A. Baptism of blood is the shedding of one's blood for the faith of Christ.
Lionel: O.K. No Problem here.
_____________________________

Q. 653. Is Baptism of desire or of blood sufficient to produce the effects of Baptism of water?
A. Baptism of desire or of blood is sufficient to produce the effects of the Baptism of water, if it is impossible to receive the Baptism of water.
Lionel: O.K No problem here.
The text does not state that this is a reference to a known person in the past or someone who can be known in the future.
So for me, since a baptism of desire or blood- case would only be known to God there is no exception to EENS mentioned here.
However I accept that the liberal theologians, in 1949 Boston and then later at Vatican Council II assumed that the baptism of desire was an exception to Feeneyite EENS and so the inference was that these are known people saved outside the Church.

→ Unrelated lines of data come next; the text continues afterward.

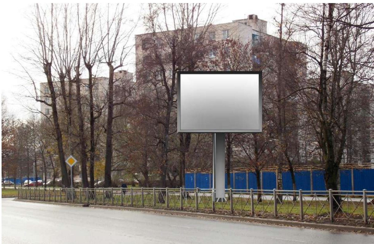
Фото места размещения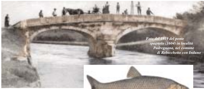
Foto del 1919 del ponte spagnolo (1604) in località Padregnana, nel comune di Robecchetto con Induno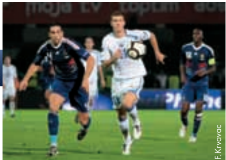
L'équipe de Bosnie-Herzégovine a offert une belle résistance à la France dans son deuxième match de qualification de l'EURO 2012.

L'équipe nationale des moins de 21 ans a terminé le tour qualificatif de son EURO 2011 au Danemark. Dans ses deux derniers matches, elle a perdu au stade Grbavica contre l'Italie (0-1) et a obtenu à Budapest le match nul contre la Hongrie (0-0). Finalement, elle a terminé au quatrième rang du groupe 3 avec deux succès, deux matches nuls et quatre défaites et une différence de buts de 4-8, derrière l'Italie, le Pays de Galles, la Hongrie et devant le Luxembourg. On s'attendait à un meilleur classement et à un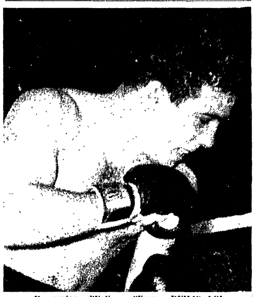
Il campione d'Italia e d'Europa DUILIO LOI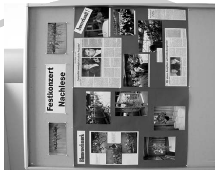
Es war eine sehr gelungene Jubiläumsfeier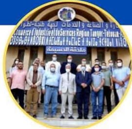
حاضنة المقاولات الحسيمة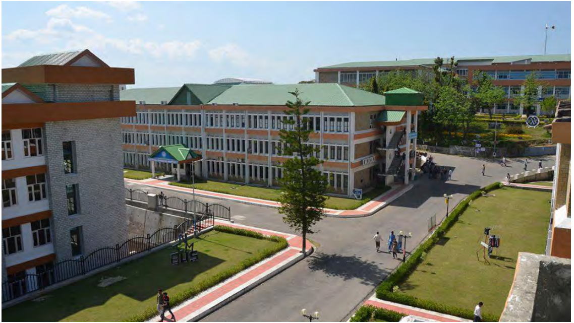
A View of NIT Hamirpur

जिला सांख्यिकीय कार्यालय हमीरपुर हिमाचल प्रदेश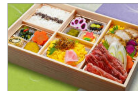
牛すき焼きちりめん山椒と 鶏照焼御膳 1,945円(税込2,100円) / 品番:SFHF015 お茶付き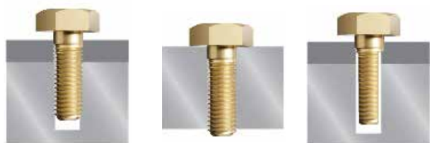
Pływające dokręcanie Brakująca część Uszkodzony gwint

Korzyść: Operatorzy mogą wykrywać i zapobiegać typowym błędom dokręcania w czasie rzeczywistym, redukując czasochłonne przeróbki i koszty jakości.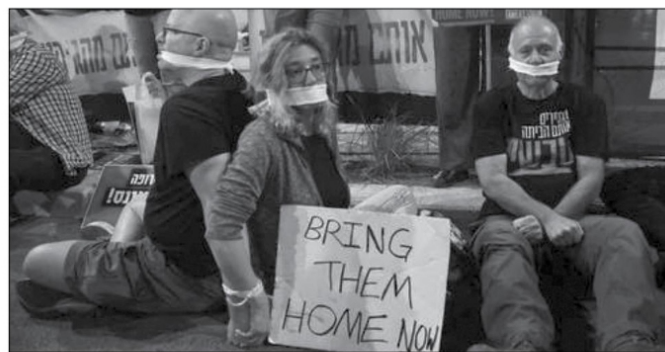
Netanyahu practica el “síndrome Masada” mil 951 años después, ante el aplastante clamor de la conciencia universal humanista de pueblos y países.

de genocidio dantesco, conminó a Israel a facilitar con carácter “urgente (sic)” la entrada de la “ayuda humanitaria (sic)” a la franja de Gaza ( https://bbc.in/3PDwakD ), bloqueada por cielo, mar y tierra, donde cunde la guerra alimentaria con las subsecuentes hambruna, sed y enfermedades.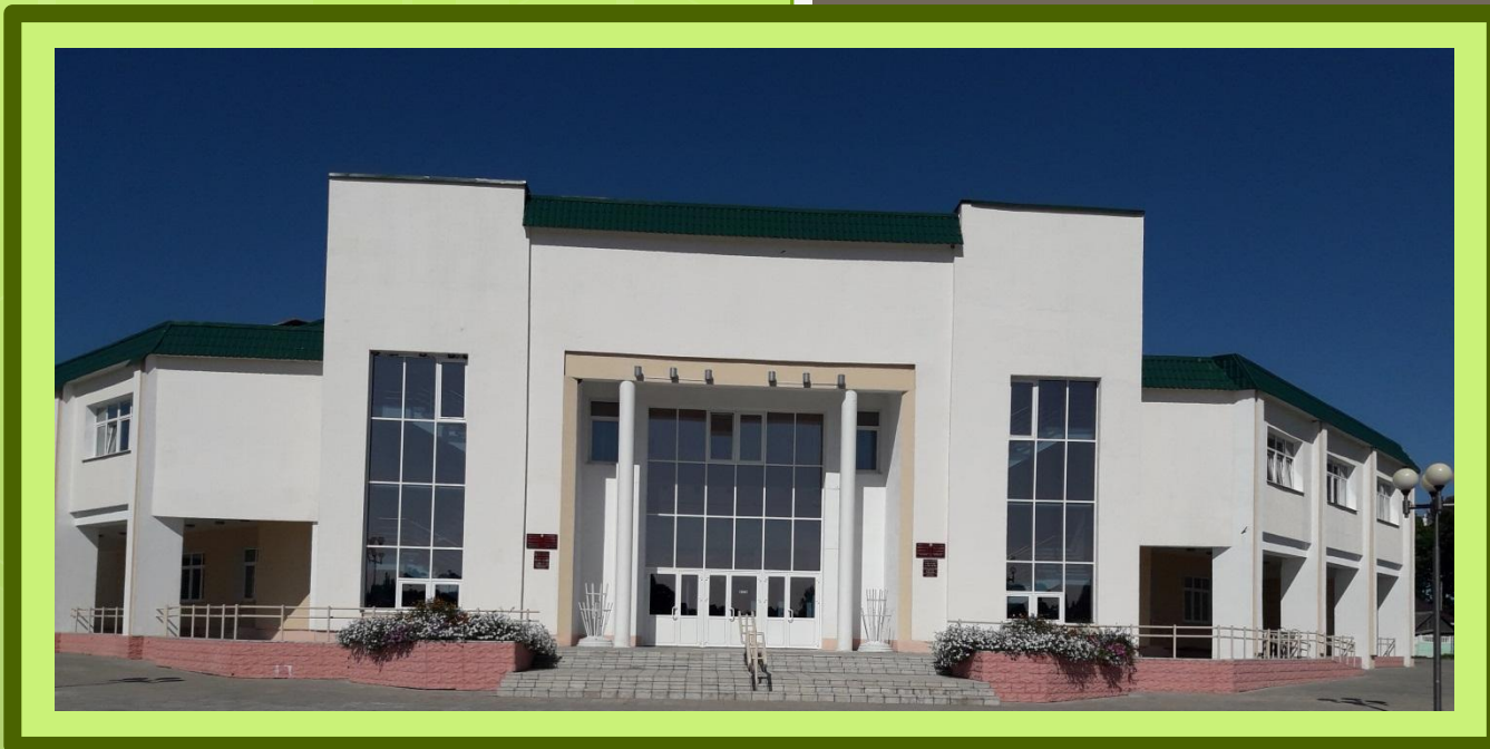
ГУК «Централизованная клубная система Чериковского района»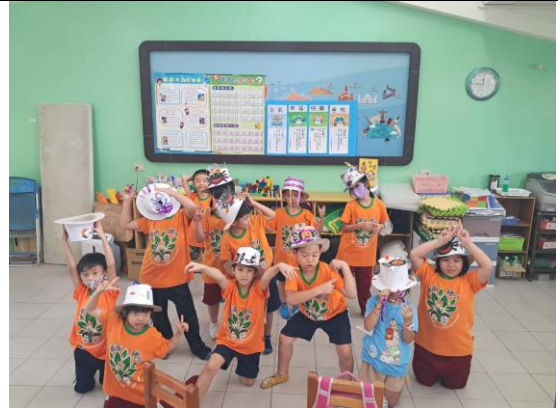
學生展示自己的美勞作品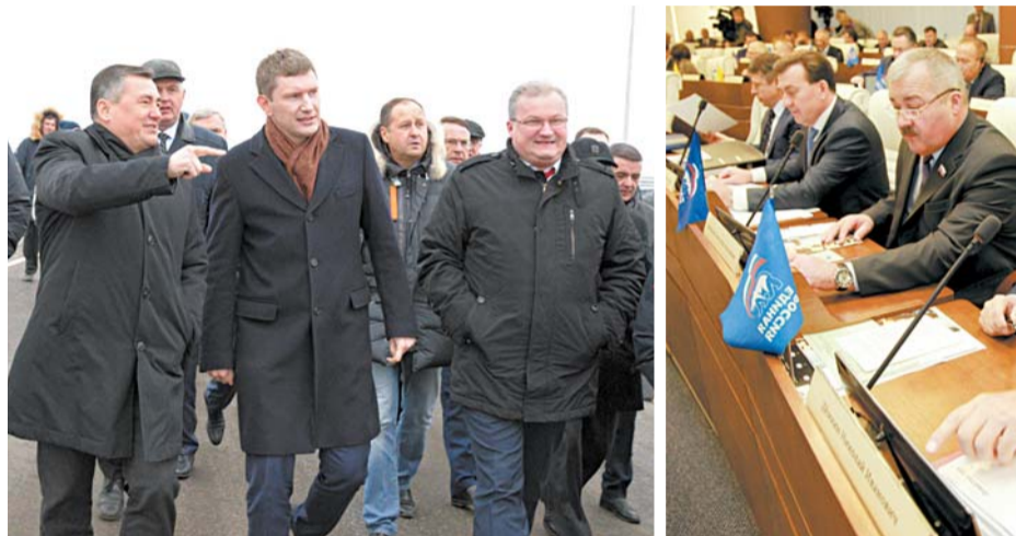
6 апреля 1994 г. состоялась первое заседание нового законодательного органа государственной власти региона. За всю историю работы Заксобранья в Прикамье приняли более трёх тысяч постановлений и законов.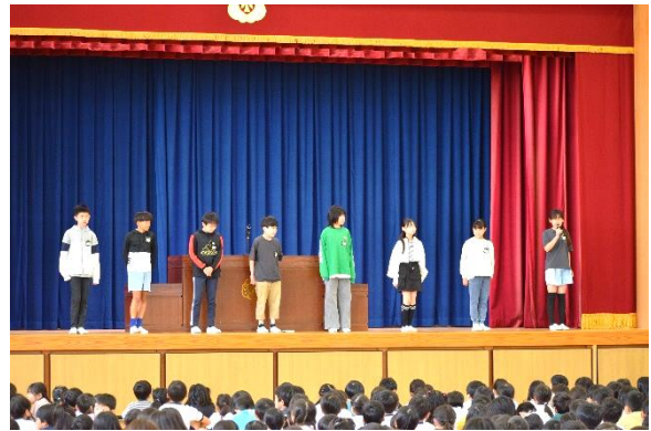
<各委員会委員長の抱負発表>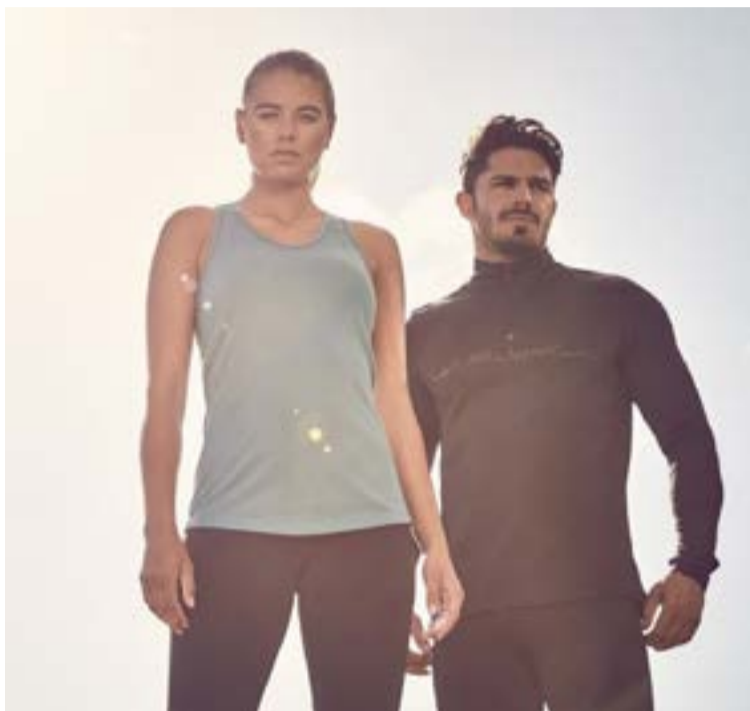
El cuerpo humano, es el vehículo físico que nos permite vivir e interactuar en este bello Planeta.

Los fines de semana se puso de moda el slogan «hoy es viernes y el cuerpo lo sabe». Mientras se detiene al actividad laboral, en lo que se supone es un receso para el descanso, se convoca a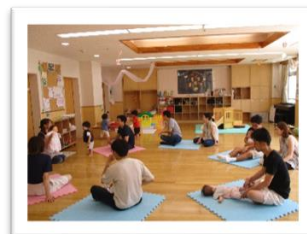
パパと一緒にタイム

兵児帯での抱っこの仕方を習いました。 コンパクトに収納できて汎用性も高いので、 防災用にもぴったり。 思ったよりしっかりと固定されるので、 参加されたママは驚いていました。 わらべ歌や助産師さんとの トークタイムもあります。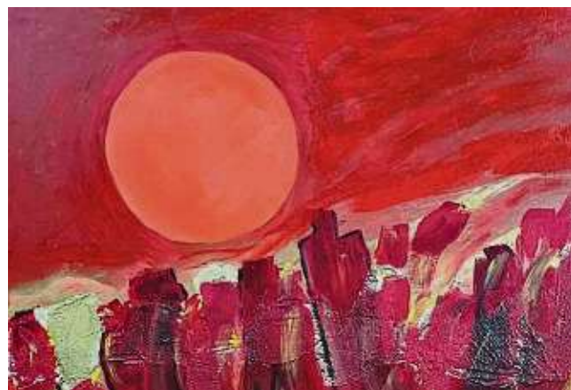
Malkursteilnehmerinnen des Ateliers Mirka Seidel präsentieren große Vielfalt.

Prozesse hinter den Werken zu entdecken, wird in der Ankündigung erläutert. Von expressiven Farblandschaften bis zu subtilen Kompositionen zeigten sie eine beeindruckende Bandbreite an kreativen Ansätzen.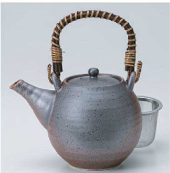
339-205-523 5,200円 黒信楽土瓶アミ付 (16×10.3×11.3-530cc)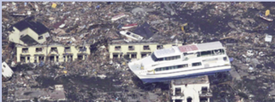
Japón: La clase obrera sometida a los padecimientos del terremoto, el tsunami posterior, la radiación nuclear y la avaricia de la burguesía imperialista.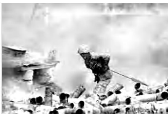
Ըստ որոճ աղբյուրների ողմման՝ այս դախին «դասերազմի փառաբանում-լուսաբանման» վրա են աշխատում բազմաթիվ հեռագոսոդներ, այդ թվում՝ դախասակն գոդդներ: Վերջիններիս անելիքը արձակ եւ չափածո գործեր գրելն է: Ըստ Քերիմովի եւ Ալթունի՝ այս նախաձեռնությունը լինելու է «երկու եղբայրների սերս բարեկամության ամրադողդող»: Գ.Գ.

Ավելի վաղ լրատվամիջոցները հաղորդել էին, որ սույն թվականի մարտի 2-ին Թուրքիայի նախագահի աշխատակազմի հանրային կադրերի վարչության ղեկավար Ֆահրեթին Ալթուն Անկարայում հյուրընկալել է Ադրբեջանի մշակույթի նախարար Անար Քերիմովին: Մամուլի այդ ժամանակվա հաղորդագրությունների համաձայն, հանդիման ժամանակ ֆնարվել էին երկրորդ մշակույթային մի Եսփոեհիր Եսփոեհիր, բայց բոլորովին վերջերս հայտնի դարձավ, որ հանդիման մեխը եղել է թուրք-ադրբեջանական ֆիլմի ստեղծումը, որը դասնելու է Արցախյան վերջին դասերազմում թուրք-ադրբեջանական սանդեմի սարած հաղթանակի մասին: Ավելին՝ խոսքը ոչ թե մեկ, այլ բազմաթիվ ֆիլմերի եւ նույնիսկ սերիալների մասին է, որոնք բոլորը դասնելու են դասերազմի մասին: Այս նախաձեռնության հեղինակն Էրդողանն է, որն արդեն ստորագրել է այդ հրամանագիրը: Ավելի վաղ Թուրքիայի նախագահը հրահանգել էր «դասառն գրեք» հրատարակել «թուրքական մեծ հաղթանակի» մասին: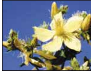
Johanniskraut als Wirkstoff

Eines der schwerwiegendsten Symptome von Neurodermitis ist der fast immer vorhandene, entzündungsbedingte Juckreiz. Als ein Mittel der Wahl gilt heute der natürliche Wirkstoff des Johanniskrauts, Hyperforin. Eingebettet in eine moderne, nicht fettende Pflegecreme, verbessert Hyperforin nicht nur die natürliche Widerstandsfähigkeit der Haut, sondern wirkt zugleich auf schonende Art ausgeprägt antibakteriell und antientzünd-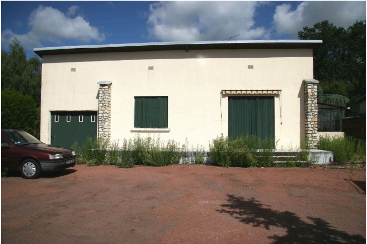
Impasse du Tertre : façade antérieure sur la cour.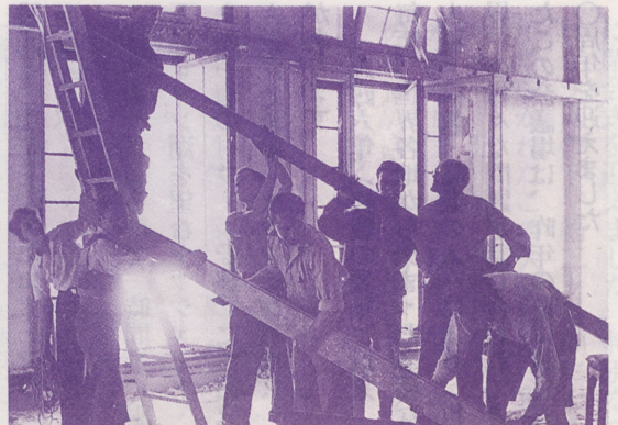
●人々の手作業で行われた修復作業

ある時モチューは、レマン湖畔の山腹に建つコー・パレスの事を思い出し、このホテルで夏の間会議を開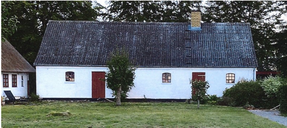
Medsendt foto af den sydlige side af stalden, som vender mod vandet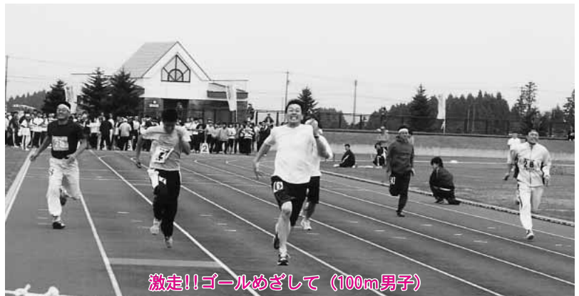
激走!!ゴールめざして（100m男子）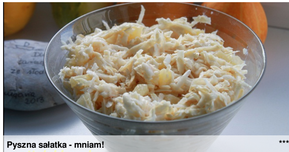
Pyszna sałatka - mniam!

Nie podałam ilości składników, ponieważ można jej zrobić tyle, ile chcecie.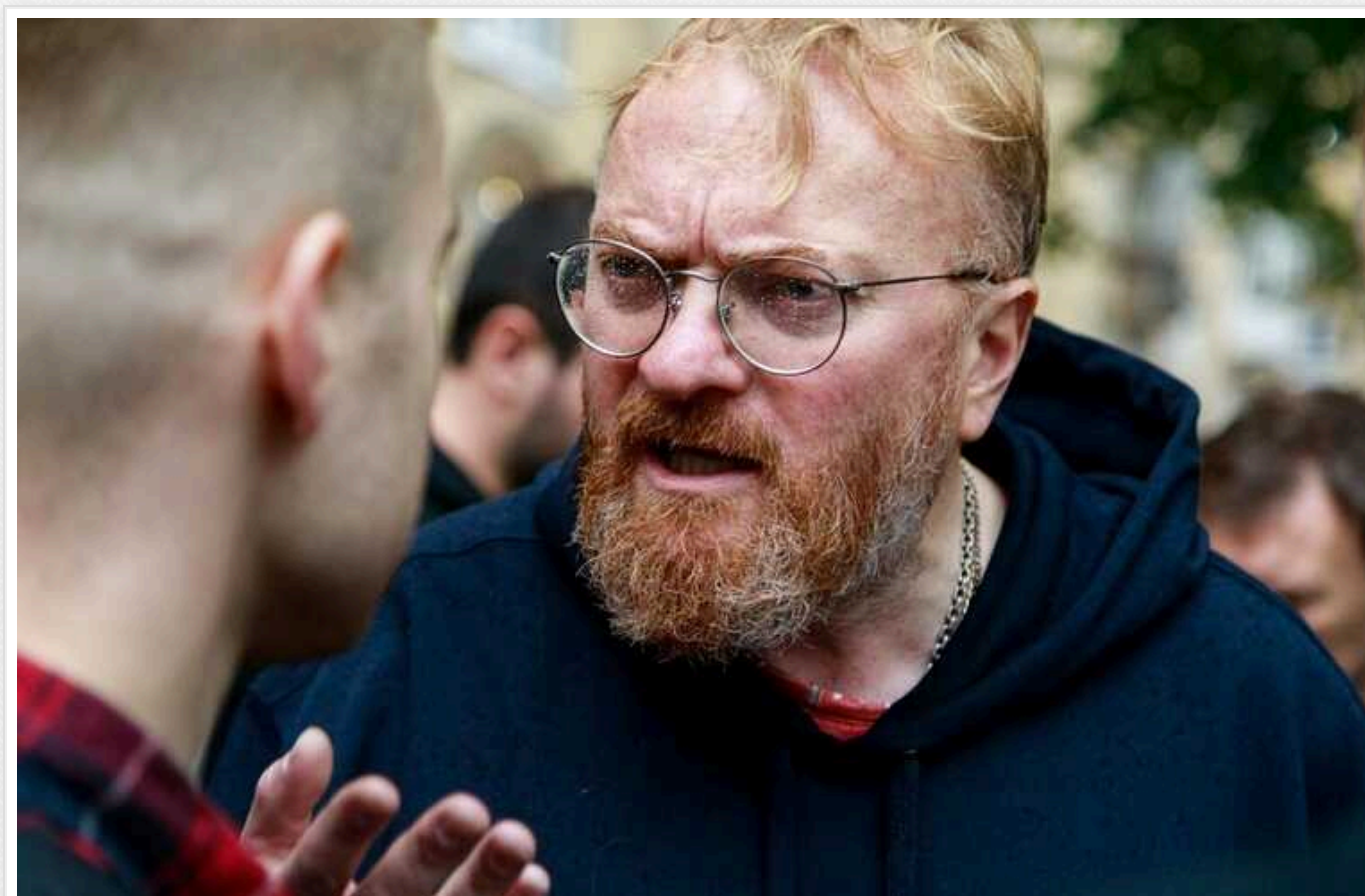
Втеча російських чемпіонів до США викликала істеріку в Держдумі: "По суті вони виявилися богузами, зрадниками та перебіжчиками"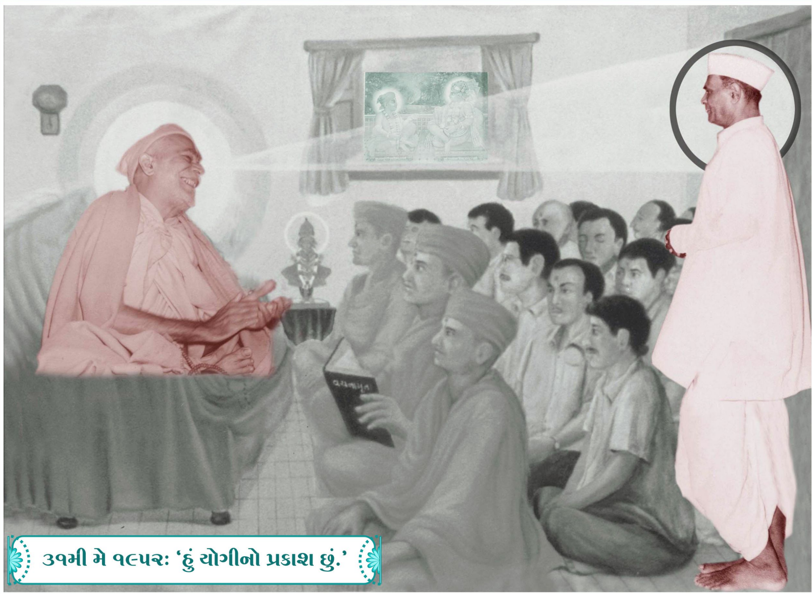
૩૧મી મે ૧૯૫૨: 'હું યોગીનો પ્રકાશ છું.'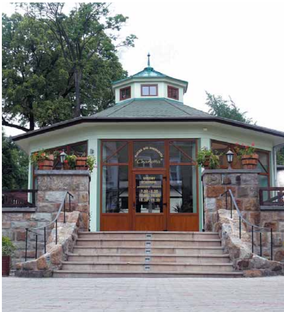
Pijalnia wód mineralnych "Charlotte" w Jedlinie-Zdroju.

- Otwarcie Pijalni Wód Mineralnych „Charlotte” w Jedlinie — Zdroju jest dla Województwa Dolnośląskiego tak samo ważne, jak otwarcie kolejnej fabryki, w którejś ze specjalnych stref ekonomicznych —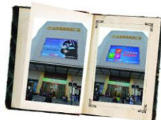
青岛北方国贸购物广场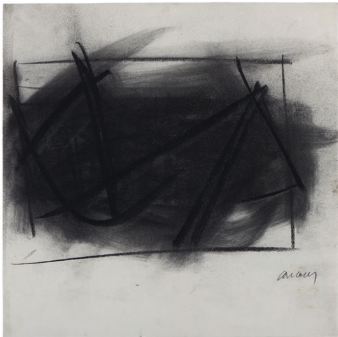
Pierre Soulages, Fusain sur papier 39,3 × 39,3 cm, 1946. Musée Soulages, Rodez Donation Pierre et Colette Soulages, 2005

An exhibition of Museum Frieder Burda and Kunstsammlungen Chemnitz.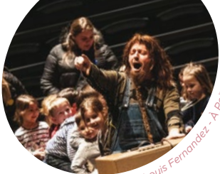
@Jean-Louis Ferronbez - A Poils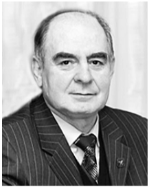
З повагою Вадим ТКАЧОВ , Голова Федерації профспілок транспортників України, Голова профспілки залізничників і транспортних будівельників України

Бажаю вам і вашим родинам миру, злагоди, міцного здоров'я і достатку.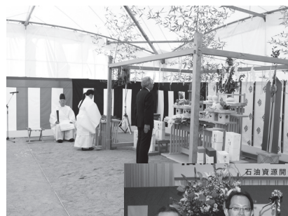
知事、石井副社長 （株）渡辺石油資源開発 社長、内堀県

町では福島県及び事業者である石油資源開発株式会社の三者において立地に関する基本協定を締結し、LNG基地建設計画の円滑な推進に取り組んでいます。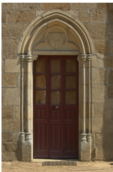
Château, détail, porte IVR53_20102203033NUCA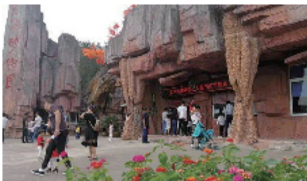
据浙江新闻客户端 通讯员 马晓芬 陈一鸣

如今的国庆长假,邀朋携友去“仙山胜水 浙中花都”婺城休闲旅游,已经成为周边县市游客的首选。青山绿水间看白墙黛瓦,蓝天白云下赏亭台楼阁,放飞思绪,愉悦身心,不啻为一大乐事。记者从婺城区旅游局了解到,今年“十一”黄金周,婺城区接待游客33.01万人次,旅游总收入3.02亿元,均增长44.04%。乡村游、自助游、自驾游等丰富的旅游业态与文明和谐旅游氛围,正是婺城旅游市场持续火爆的原因。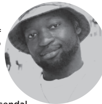
Mario S. Scharff SalonFoto · Salon Photo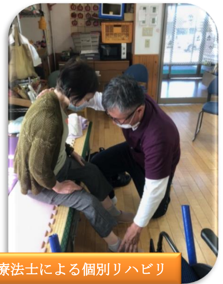
理学療法士による個別リハビリ

But how can they be known people when they can only be known to God? Where are the practical exceptions to EENS, what are their names and surnames? There are none!
So let me repeat that I accept the baptism of desire and blood and being saved in invincible ignorance as being a theoretical possibility. If someone is saved as such it would only be known to God.
The dogma says all need to be members of the Church for salvation.So for me every one who is in Heaven is there with the baptism of water in the Catholic Church. This is the practical reality for me, not because I can judge any one in particular but because the Church guided by the Holy Spirit teaches this in Vatican Council II(AG 7) and pre- Vatican Council II documents.

Catholic Mission said...

You are arguing in circles. You just stated, "O.K it is a possibiity for us."
Lionel: So we agree that it is a possibility.
_________________________________

That is what I have been saying.
Lionel: But we do not know that if God has saved 20 people this year with the baptism of desire and ten last year.We do not know of any concrete case.
Just because it was a possibility in the past we cannot say that there were 12 people saved this year without faith and baptism but with the baptism of desire or in invincible ignorance.
__________________________________

I have never claimed to know everyone who in heaven by Baptism of Blood.
Lionel: How could you or any one claim to do this? We cannot know a baptism of desire case. This is a given.
______________________________

I merely stated that it is possible today.
Lionel: Yes and I agreed with you that it is possibile in the sense that anything is possible. There could also possibily not be a baptism of desire this year.
_______________________________

You kept arguing that it is not a possibility today, and now you are saying it is.
Lionel: I am saying anything is a possibility.
_______________________________

Which is it? Logic tells us that people are not invisible.
Lionel: People are not invisible?
The subject was EENS and are there any exceptions? Is the baptism of desire an exception' Does every one need to enter the Church or are there exceptions?
For me there are no exceptions. Since possibilities are not exceptions.For there to be an exception to EENS there must be a real person. A baptism of desire case is not a real person.It could never be a real person in the past or present. This is the error of the liberal theolgians.
St. Thomas Aquinas did not state that the man in the forest is a real person known to us.
He did not state that the catechumen who desires the baptism of water but dies before he receives it was a real person.
It is always the case of the unknown catechumen who desires the baptism of water and dies before he receives it. This was something overlooked by the theologians at Vatican Council II.
________________________


If it is a possibility then the possibility applies to the present.
Lionel. If there is a possibility of a baptism of desire how would it apply to the present for you and me ? It would only be known to God if it happened.
__________________________

It is not your job to question God on who he allows to be saved by Baptism of Blood.
Lionel: The subject is EENS and are there any exceptions. The baptism of desire is not an exception to the dogma EENS since if there was a case of the baptism of desire it would only be known to God.
_________________________

Yo are not God. Let God be God and move on and start helping by leading people to Christ. I am done responding to this issue. The Church teaches that Baptism by Blood is a possibility.
Lionel: Yes and this is not a problem.
However when the liberal theologians who make up the magisterium of the Church (Pope Benedict, Cardinal Ladaria) tell us that a possibility is a known exception to the dogma EENS in the present times this is false. Invisible and unknown people for us human beings cannot be an exception to EENS.
Unknown people cannot be known examples for salvation outside of the Church. This was the mistake of Rahner and others and with this mistake they created their new paradigm shift. It was based on invisible cases of the baptism of desire being visible exceptions to Feeneyite EENS.
_______________________________
The Baltimore Catechism teaches this reality. Get over it and move on. I have no desire to waste any more time on this.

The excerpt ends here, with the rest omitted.